United States has lifted the ban on refugees from 11 countries the US has deemed high-risk but now those who are seeking to enter the country will be facing new security measures in the form of risk-based assessments.
The ban was first initiated by the Trump administration in October when he took office after campaigning on tough immigration policy. The ban covered refugees from 10 Muslim-majority nations and North Korea.
Homeland Security Secretary Kirstjen Nielsen says that refugees will now go through risk-based assessments before admission. It is "important that we know who is entering" the US, Nielsen said.
"These additional security measures will make it harder for bad actors to exploit our refugee program, and they will ensure we take a more risk-based approach to protecting the homeland."

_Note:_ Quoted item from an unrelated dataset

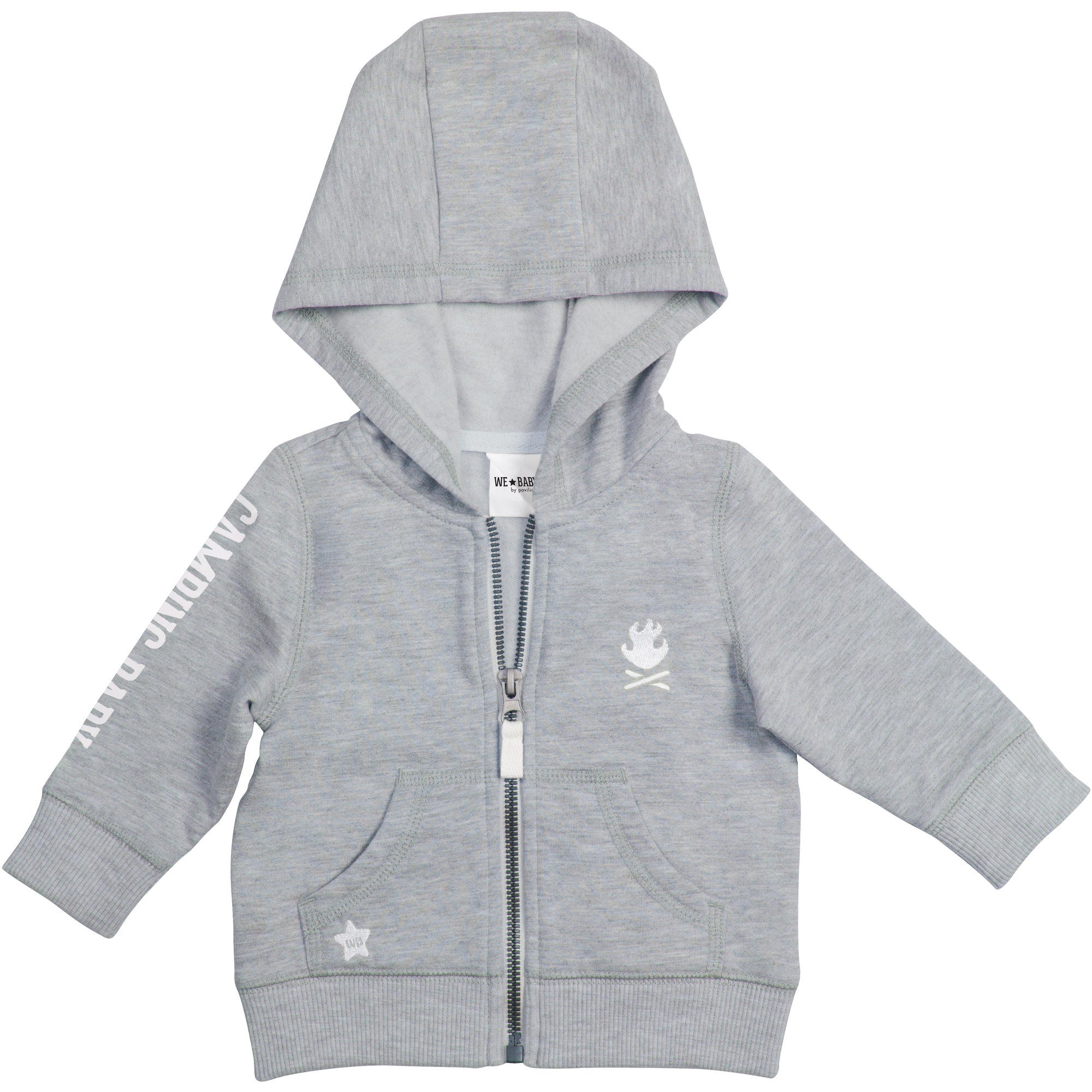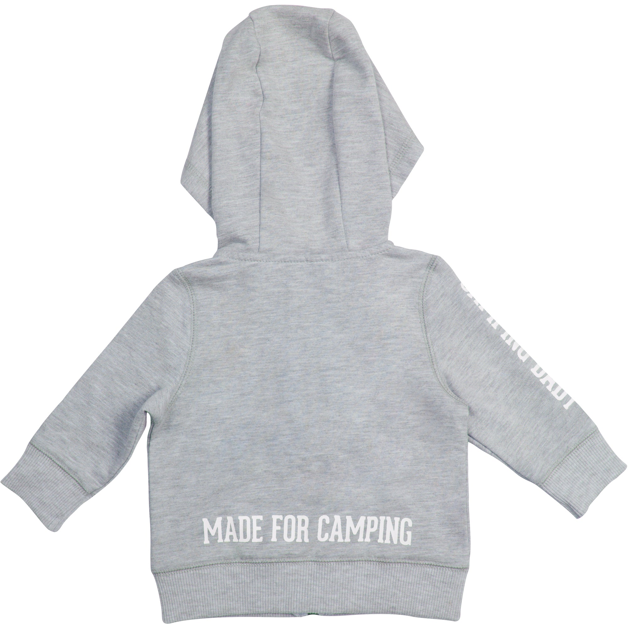- IN-HOUSE DESIGN: "Camping Baby" text is printed onto the sleeve, We Baby logo and campfire icon are embroidered onto the front of the hoodie, and "Made For Camping" text is printed onto the back of the hoodie.

Although the Trump administration did not publicly name the countries, refugee groups say Egypt, Iran, Iraq, Libya, Mali, North Korea, Somalia, South Sudan, Sudan, Syria, and Yemen have all been affected by the ban.
Over the last three years, over 40% of refugees have been streaming into the United States from those 11 countries.
Once the Trump administration implemented the ban in October, refugee rates were cut in half to 45,000 in the fiscal year 2018 and only 23 from those 11 countries have entered the US since October.
The 23 people who were allowed in have a federal judge in Seattle to thank who blocked the administration's restrictions claiming refugees with signification ties to the United States would still be processed during the ban.